WORK REQUIRED = From the first line of the data through the line containing "23일 오전 서울 삼성동", transcribe each line exactly. Pictures do not belong in the copy.

INFORMATION SHOWN =
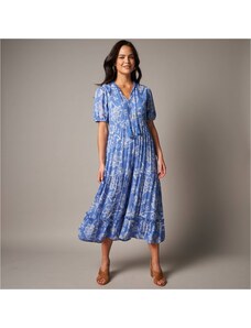 Blancheporte Dlouhé rozšířené šaty na knoflíky, kreponové s potiskem modrá
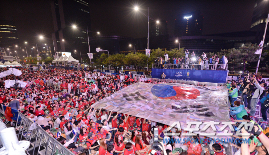 23일 오전 서울 삼성동 코엑스 영동대로에서 대한민국과 알제리의 브라질월드컵 H조 조별리그 2차전에 앞서 거리 응원전이 펼쳐졌다. 많은 관중들이 대형 태극기 응원을 하고 있다. 러시아와 1차전에서 무승부를 거둔 대한민국은 조 최하위 알제리를 상대로 조별리그 첫 승을 노린다.
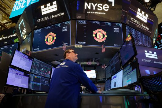 미국 뉴욕증권거래소(NYSE)에서 트레이더가 근무하고 있다. |

SOLUTION TO THIS TASK =
 Blancheporte Dlouhé rozšířené šaty na knoflíky, kreponové s potiskem modrá
 23일 오전 서울 삼성동 코엑스 영동대로에서 대한민국과 알제리의 브라질월드컵 H조 조별리그 2차전에 앞서 거리 응원전이 펼쳐졌다. 많은 관중들이 대형 태극기 응원을 하고 있다. 러시아와 1차전에서 무승부를 거둔 대한민국은 조 최하위 알제리를 상대로 조별리그 첫 승을 노린다.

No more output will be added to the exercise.